I’m the the last one who have been experiencing in life-wandering (merantau in bahasa) for the first time, beside my brothers. Since I was a kid, I’d been living with my parents. My bigbro had experienced in Riau for 1 (or 2) year (s), my lilbro in DKI Jakarta for his internship.
So probably for the last time, my parents prepared almost-all of my needs and drove me until the place just like when I was in middle school orientation. My mother was even asked me whether I brought undies or not, before I went to the car on last June.
One thing that I’ve always hated is when I treated like a kid.
But alas, my way of behaving, thinking, making a decision and dreaming is like a kid. At first I was thinking that those are too much (esp. the undies); but now I see that that kind of, let’s say, treatment is important for them.
My father always give me lots of advice even when I didn’t want or do it. I’ve always remembered what my mother said about finding a workplace in Bandung. Now I understand why am I registered by my parents in UPI, not in UNPAD Jatinangor. Now I understand, okan, although she considered it about this post-campus decision.
With help of my father’s office driver, we went to my workplace together. Actually, I’ve decided to bring nothing from my home but some important things, because I thought that I could buy it later . But my mother bought a lot of things from Bandung. She bought things from folding bed (which is a genius product! haha!) to portable stove. Therefore, we were having a trip to there.
Having arrived to the place, we prepared the room together. I was taught how to set the stove, what is in the electricity invoice, how tap water can be so important, etc, which are kind of overwhelming, heheh.
Knowing that my front door is broken, they even came back to my dorm to check whether I found difficulties to get in to the dorm. My father knew that I’m such a boy hahah. Then when in the afternoon, we were having ifthar plus Sauna! .

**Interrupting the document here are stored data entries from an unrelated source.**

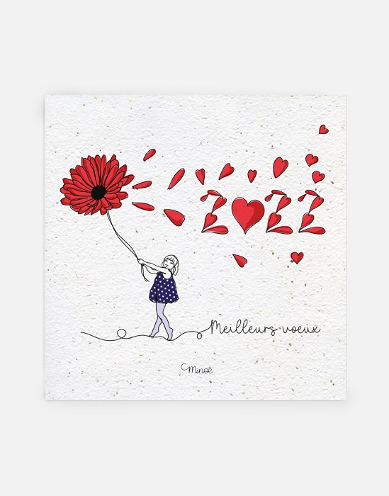 - 2020 : la carte pop up avec une fleur réalisée en papier ensemencée qui se déploie ensuite en une “vraie” fleur en 3D ;
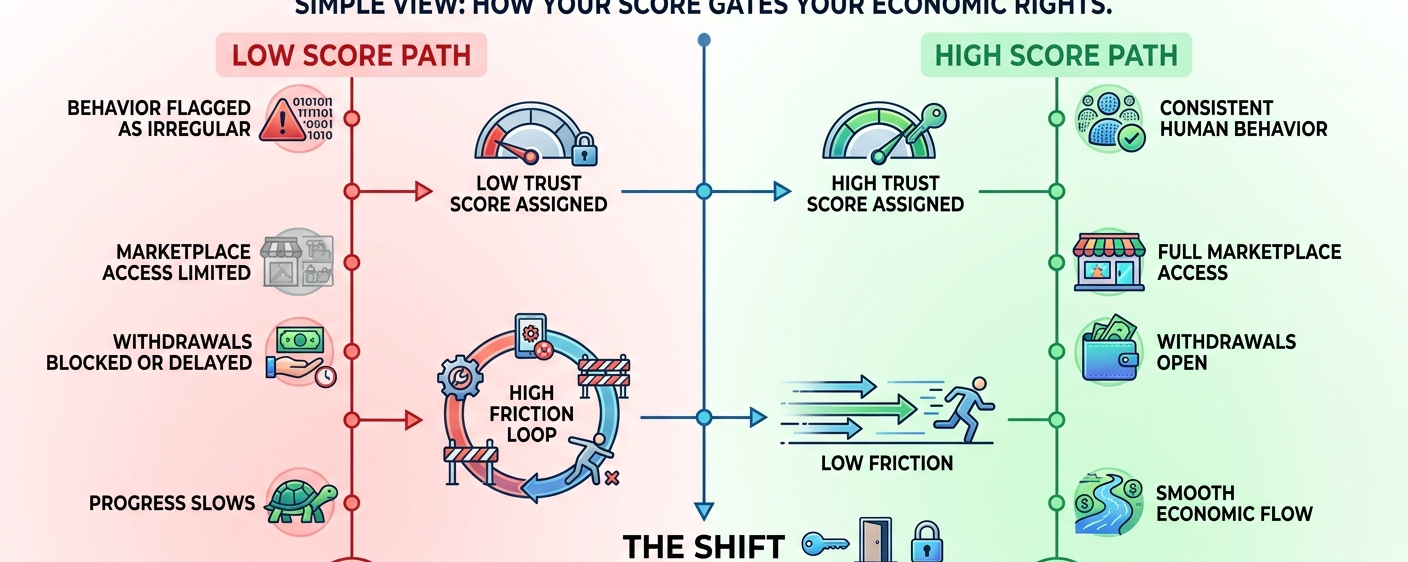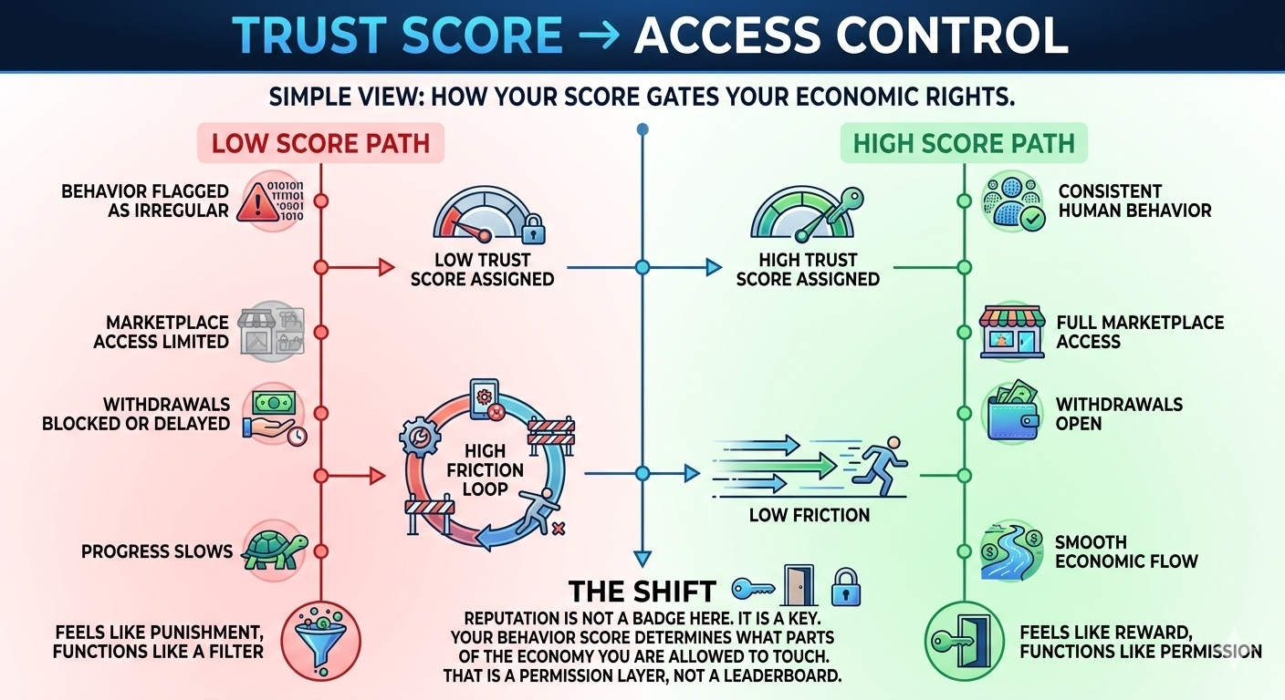 when a score means behavior signal AND anti-bot filter AND economic throttle at the same time, a real player with an unlucky behavioral pattern gets caught in the same friction loop as a bot. the system cannot always tell the difference. and that blurred meaning is something worth watching as the ecosystem scales.
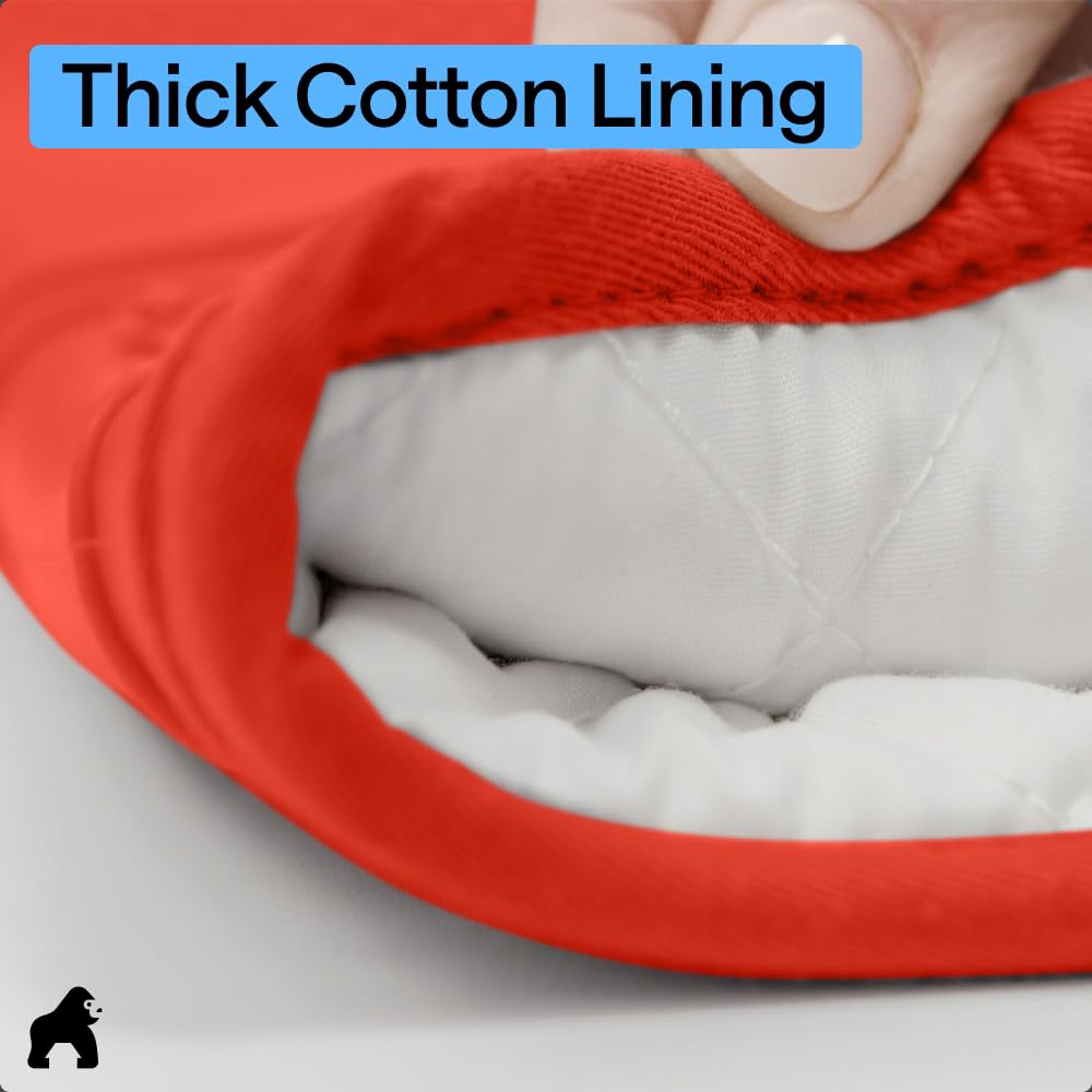 THICK COTTON LINING THROUGHOUT: stay comfortable while you cook; soft cotton lining offers additional protection and comfort, and feel simply amazing; plus, silicone is flexible and conforms easily to your unique grip

Before they went home, there wasn’t any important advice or nasihat for me. Until the next day.
My mother called up me in the morning…….. and asked about which clothes should be sent to here…… then cried awfully.
I was confused and anxious at the same time, for thinking something bad happened at home. I sent text to my brothers and my father about what was happened and make sure that everything was fine at once. You know, my heart was beating fast also. Then my father replied :
Umi sedih kamu udah enggak di rumah
Maybe I’m too late for experiencing life wandering. Better do a planned-phonecall.